This is a place for you, as a survivor to tell your story...or you as a bystander to encourage us survivors.
Saturday, August 05, 2006
Heartbroken Over Dirt
-By Annie Kaszina
“I’m heartbroken at the thought of losing somebody who treats me like dirt.”
“Why am I heartbroken at the thought of losing somebody who treats me like dirt?”
Why indeed? How is it that you know something with your head and yet your heart drowns it out? And is it really your heart?
Or if it is, what is that really about?
If I had a dollar for every time a woman has told me how wonderful her lover is, even with his hurtful, punitive behaviours, I’d be writing this in my very own palazzo on Venice’s Grand Canal.
The fact is you love your investment. Once you start to invest your time – and quite possibly money – your heart, your trust, and your future in a dream, it’s hard to let it go.
One of my constant rants is that people aren’t terribly good at ‘joined up’ thinking, or ‘joined up’ living. We’re forever compartmentalizing our life. We do it in all sorts of ways, but for now, let’s just look at how we do it in relationships.
There’s this thing called “The Love Conquers All” button that we all have, which, once pressed, short-circuits logic, common sense, friendship even family values.
Sometimes, it’s known as the “Throw Everything Over For The Man You Love” button.
Either way, it tends to be a pretty dangerous process. Not least because as well as throwing caution to the wind, you cast aside all previous criteria and points of reference.
“The heart has its reasons,” allegedly, “of which reason knows nothing”. Quite. But is this a good thing?
Just suppose that instead of arguing that ‘falling in love is like nothing else’, you compared it to the selling process. After all, most of us are guilty of falling in love with things that we buy; like shoes and clothes etc. You buy, because people sell to you.
Ideally, in the sales environment, there is the ‘upsell’. Either you’ve bought a small thing, or you’ve agreed to listen to someone’s pitch and they use that as a foundation to sell you a much higher ticket item. Do you notice any similarity with relationships?
An abusive man will, consciously or unconsciously, ‘sell’ you on his charm, his vulnerable side, his fast-track wooing. That’s actually the low ticket item. Sadly, the high ticket item is not more of the same. It’s his dark side, the return he expects from your investment – as well as the investment of his time and trouble.
The high ticket item is this: making him feel good becomes your responsibility. And if you fall down on the job – and why wouldn’t you? – he’ll make himself feel good by making you feel bad, by treating you like dirt. That’s the contract as he sees it.
But you don’t ‘get’ it. You still believe that the contract is based on the low ticket deal. And every so often, when he needs to, he’ll give you some of the low ticket sweet-talking. Just enough to get you to buy into him all over again.

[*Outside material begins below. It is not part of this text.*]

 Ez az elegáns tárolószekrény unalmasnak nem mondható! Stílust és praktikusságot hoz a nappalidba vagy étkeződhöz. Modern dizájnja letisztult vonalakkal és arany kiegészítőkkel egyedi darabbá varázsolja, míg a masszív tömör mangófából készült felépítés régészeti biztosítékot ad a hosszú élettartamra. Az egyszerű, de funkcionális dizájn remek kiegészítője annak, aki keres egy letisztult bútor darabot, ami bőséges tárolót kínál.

Because there is another important factor in all of this: and that’s the power of words. Whether or not abusive men are educated or in any way sophisticated, they all have a great intuitive grasp of the manipulative power of words.

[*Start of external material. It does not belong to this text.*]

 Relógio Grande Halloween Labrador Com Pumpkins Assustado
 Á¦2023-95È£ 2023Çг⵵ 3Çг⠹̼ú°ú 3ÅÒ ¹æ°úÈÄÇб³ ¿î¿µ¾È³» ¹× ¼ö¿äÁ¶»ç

My ex-husband used to deny the power of his words, because it was convenient to do so. It was another denial of responsibility. But the truth is that manipulative words work. They work every time, unless you consciously challenge them.
They work because they send you into a sort of waking trance. You only have to think of the way a partner’s words can send you spiralling into despair, or more rarely, relief and joy, to see the way it works in action.
Add into the trance, the immortal words that every abuser utters with monotonous regularity: “You’re lucky to have me. You’ll never have another man as wonderful as me” and you begin to see it. He says it and, even as you gaze on the tormentor whose face is contorted with fury, it sinks in and you believe it.
You believe what he says, rather than what he does. So he acts like he hates you, but tells you some involved story about how you’ve hurt him and you believe it.
You believe his story rather than your own. Incredible as it may sound, it happens all the time.
But now you know how the mechanism works. Now you’ll catch yourself having the old buttons pressed and you’ll start to say “No”. Knowledge isn’t foolproof, but awareness and practice will neutralize the old hooks and protect you in the future.
As you become more aware of the mechanisms and learn to love yourself, the less the less likely it becomes that anyone will ever treat you like dirt again.